Namun, ketika masjid diizinkan untuk dibuka kembali pada tahun 2021, gereja-gereja, terutama yang terafiliasi dengan Gereja Protestan Aljazair, tetap tertutup hingga saat ini.
Azerbaijan: Pembersihan Etnis dan Penghancuran Warisan Kristen di Nagorno-Karabakh
Hingga akhir September 2023, sekitar 120.000 orang Kristen Armenia tinggal di republik yang menyatakan diri Nagorno-Karabakh.
Meskipun diakui oleh hukum internasional sebagai bagian dari wilayah Azerbaijan, penduduknya telah lama menuntut hak untuk membentuk negara mereka sendiri sejak berakhirnya era Soviet.
Setelah perang berdarah antara Azerbaijan dan Armenia pada tahun 2020, jerat perlahan-lahan menyempit di sekitar orang Armenia Nagorno-Karabakh. Pada 19 September 2023, setelah mengalami blokade keras sejak akhir 2022, Azerbaijan akhirnya melancarkan serangan terakhir, memaksa seluruh penduduk enklave ini meninggalkan tanah air mereka.
Dalam waktu seminggu, sekitar 120.000 orang meninggalkan Nagorno-Karabakh untuk mencari perlindungan di Armenia.

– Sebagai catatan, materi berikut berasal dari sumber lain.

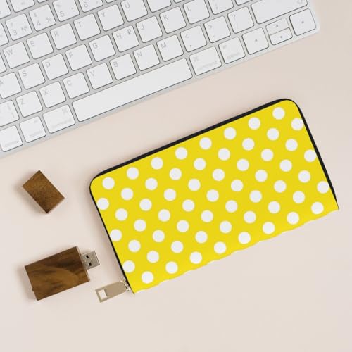 HOT ! Leather Thin Slim Wallets for Women & Men - Yellow Polka Dot Print (d) Card Wallet Holder with Zipper
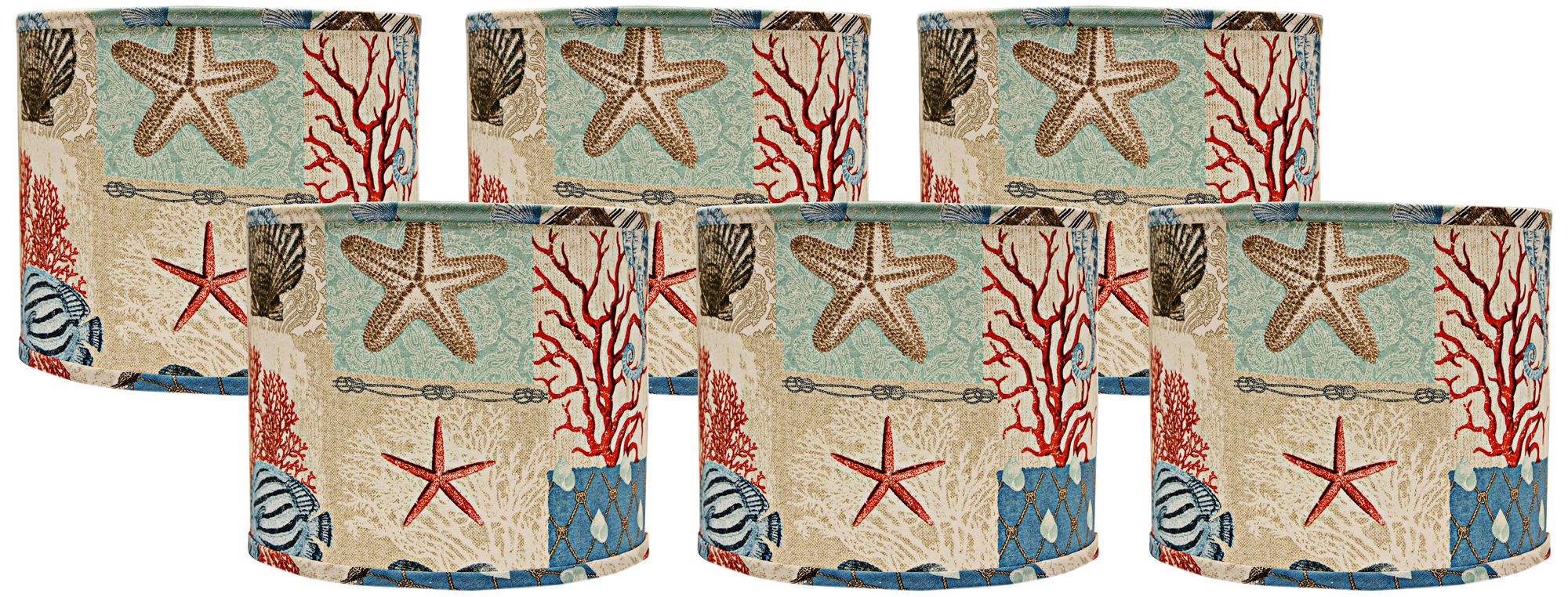 Express your love of the beach and summer with this set of six lamp shades. A patchwork design with coastal images add a pop of color.

Presiden Aliyev, yang sebelumnya berjanji untuk "mmenangkap [orang Armenia] seperti anjing" pada akhir perang tahun 2020, mendapat kritik keras dari masyarakat internasional karena terlibat dalam pembersihan etnis orang Armenia di Nagorno-Karabakh dan penghancuran warisan Kristen di wilayah tersebut.